‘Yes, well,’ Fernanda said sulkily, ‘I couldn’t say nothing in front of your mother, could I? And anyway, raking up all that White Feather business, that upset my old man. Had a right hard time with him about it when we got home.’
‘I said I was sorry,’ I heard Nancy say.
Aggie looked daggers at her sister, probably because she felt that Nan was being weak. ‘Yeah,’ she said to Fernanda, ‘didn’t have to make her cry, though, did you? Didn’t have to say you never wanted to see her again.’
‘But I don’t want to see her again,’ Fernanda Abrahams said, yet again very calmly. ‘You’ve warned Ed and me that someone out there might want to harm me, so we can take care of ourselves now. Nancy and I were never friends. We don’t need each other.’

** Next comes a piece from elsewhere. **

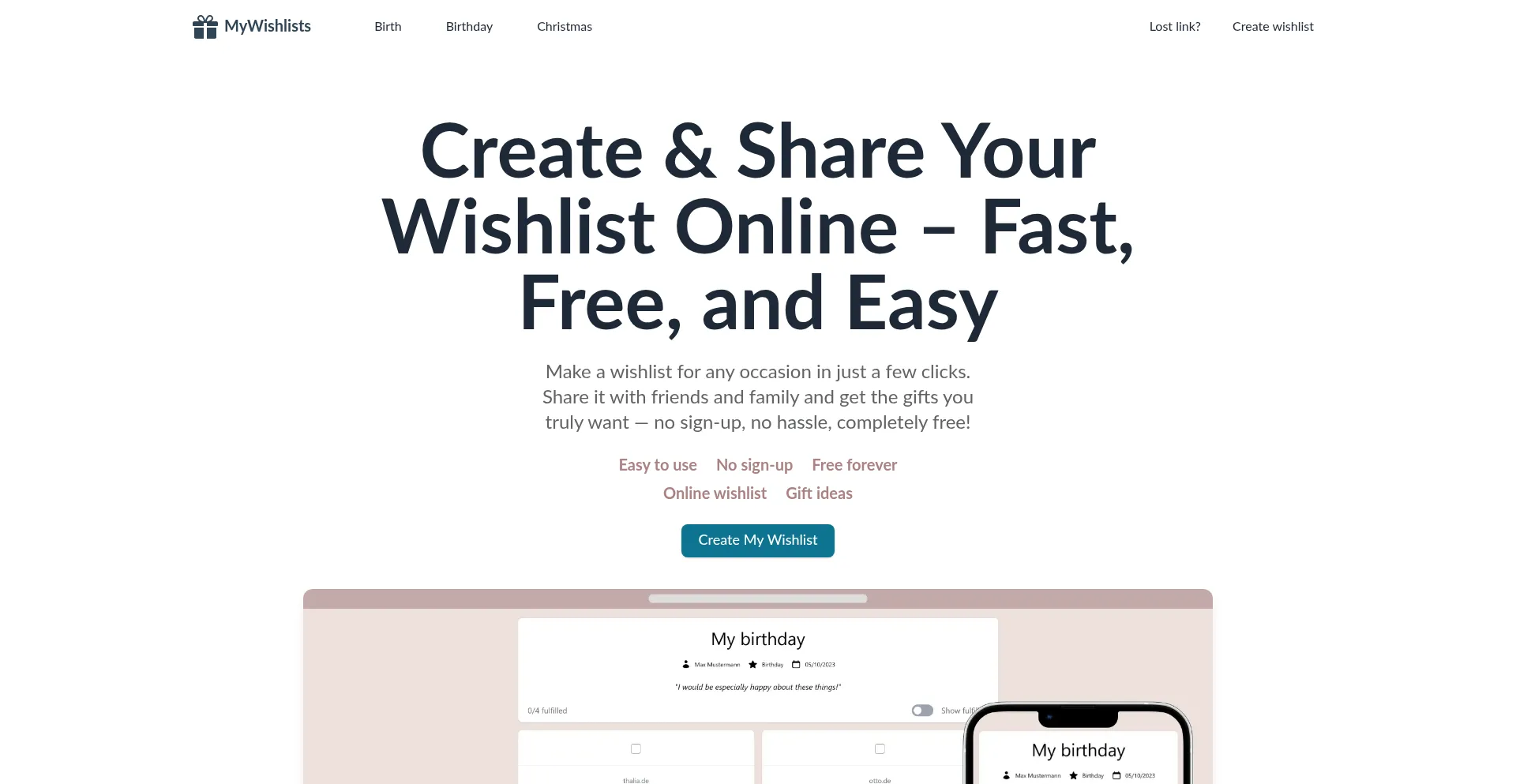 🎁 MyWishlists – Create & Share Wishlists Instantly, No Sign-Up Needed

This did make me angry. ‘Now look here,’ I said, ‘my sister didn’t have to invite you and your husband back here yesterday. Although I think your husband was rather grateful after what happened up at Claybury. Mrs Abrahams, Nancy got you back here specifically so that I could warn you about the danger you may be in. She didn’t want any harm to come to you.’
‘Yes, well . . .’ She was still infuriatingly unconcerned.
I wanted to ask her straight out whether her dislike of Nancy was connected to the colour of my sister’s skin. I knew that it probably was, but I just couldn’t get myself together to say it. In the end, I didn’t have to.
‘You know, Fernanda,’ Nancy said gently, ‘just because when you look at me you see everything that you hate about yourself, that doesn’t mean I’m a bad person. As my brother said, I did what I did because I don’t want anything bad to happen to you.’
There was a long silence. Even Aggie shut up then. Aggie like me had tears in her eyes. Neither of us had ever seen Nan stand up for herself with anyone outside the family before. Again it was Nan who changed the atmosphere in that little room when she finally looked at me and said, ‘Frank, we must get on now. Mr Compton needs burying.’
Later, when Herbert Compton had finally been laid to rest, Nan said to me, ‘You know, of all of us it was Fernanda who was the least bothered about giving out white feathers. Not that I think she thought it was wrong at the time. Margaret I think did – not Fernanda, though. But the rest of us, though far from posh, came from much better-off families than she did. Just knowing she came from Canning Town told you that. I think she got in with us because she wanted to better herself. Which of course she did with Marie’s cousin Edward. Calculating is what Fernanda is. I never told anyone, but she always gave me a shudder.’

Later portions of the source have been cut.